Task to complete:
Return the listing below unchanged, except that the pictures are dropped.

Provided data:
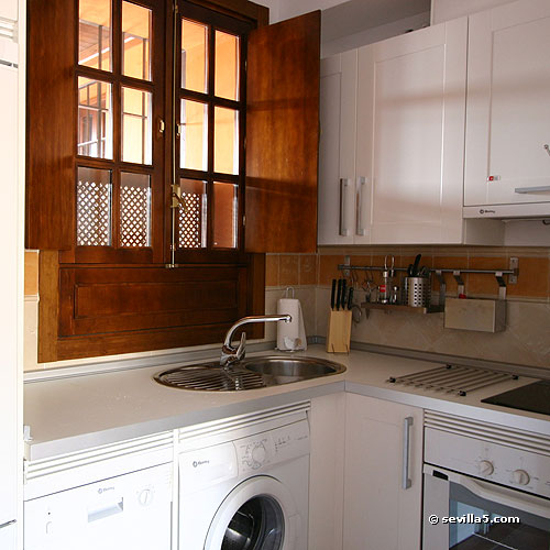 The kitchenette is open onto the living room, and is well equipped with oven and washing machine. The window faces the central patio.
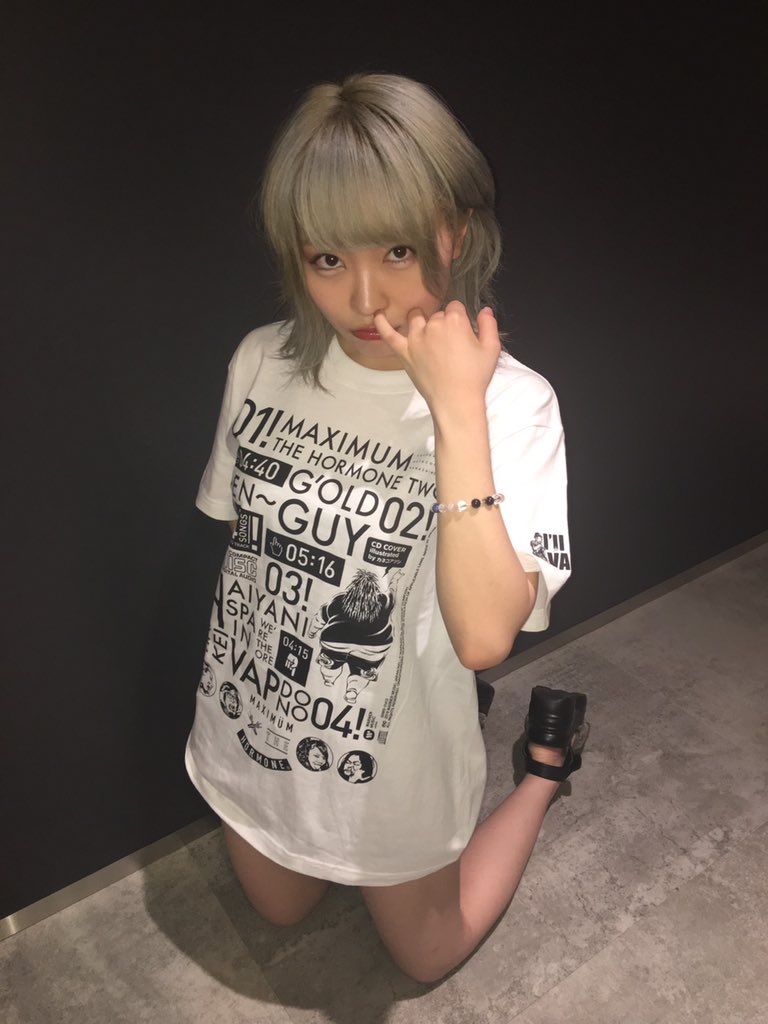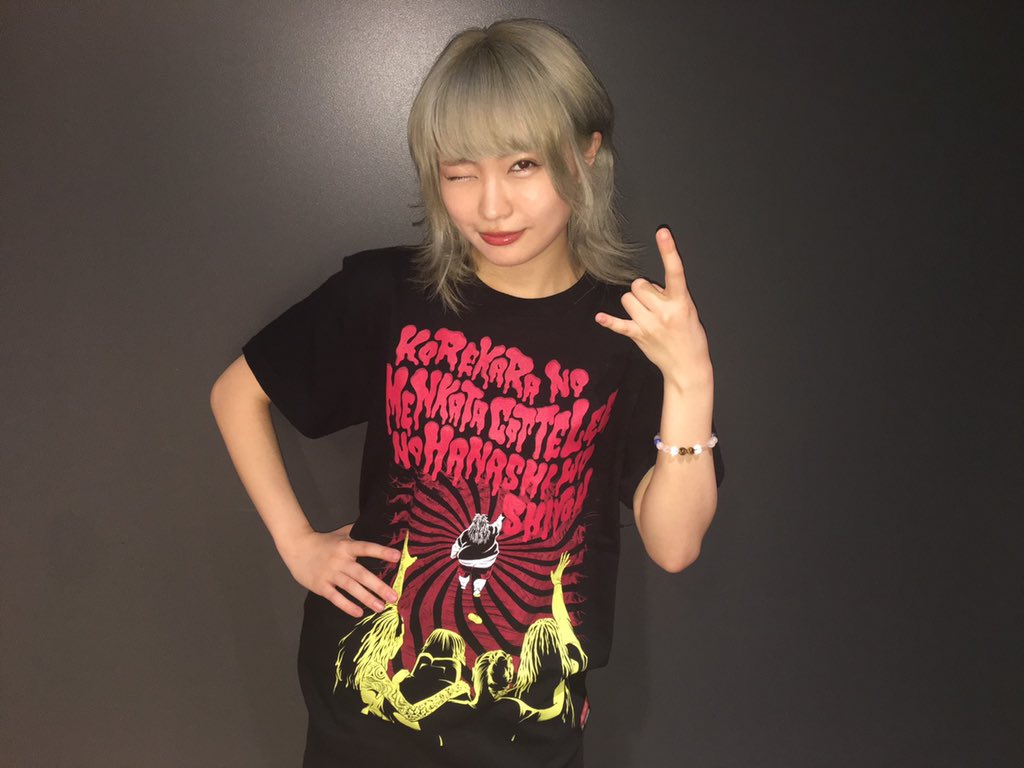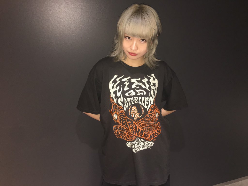 本店新グッズ売上促進部に急遽ヘルプバイトに来てくれた2号店のわかクン。明日から始まる本店のツアーで発売の新グッズの着用モデルをしてくれました🤘ドラムのオマキが「ずるーい!私もやりたかった」と案の定ブーたれたので次はオマキにもお願いするかなby本店りょ
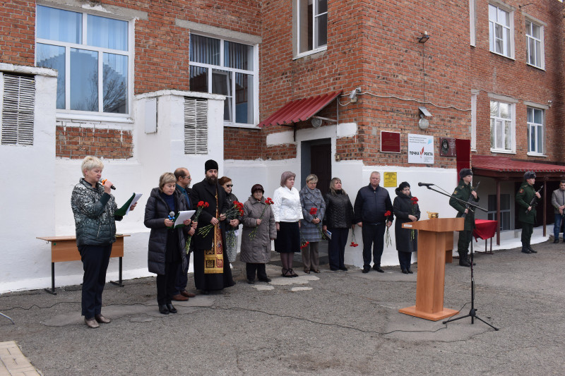 Благочинный приходов Нижнедонского округа протоиерей Сергий Яценко совершил освящение мемориальной доски и обратился к родителям погибшего война и к участникам мероприятия с пастырским словом.
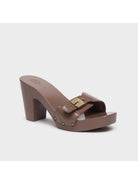 Sandalo SCHOLL Pescura Cameron High in pelle verniciata, caratterizzata da una raffinata suola in legno con linee più morbide e arrotondate

Worked solution:
 The kitchenette is open onto the living room, and is well equipped with oven and washing machine. The window faces the central patio.
 本店新グッズ売上促進部に急遽ヘルプバイトに来てくれた2号店のわかクン。明日から始まる本店のツアーで発売の新グッズの着用モデルをしてくれました🤘ドラムのオマキが「ずるーい!私もやりたかった」と案の定ブーたれたので次はオマキにもお願いするかなby本店りょ
 Благочинный приходов Нижнедонского округа протоиерей Сергий Яценко совершил освящение мемориальной доски и обратился к родителям погибшего война и к участникам мероприятия с пастырским словом.
 Sandalo SCHOLL Pescura Cameron High in pelle verniciata, caratterizzata da una raffinata suola in legno con linee più morbide e arrotondate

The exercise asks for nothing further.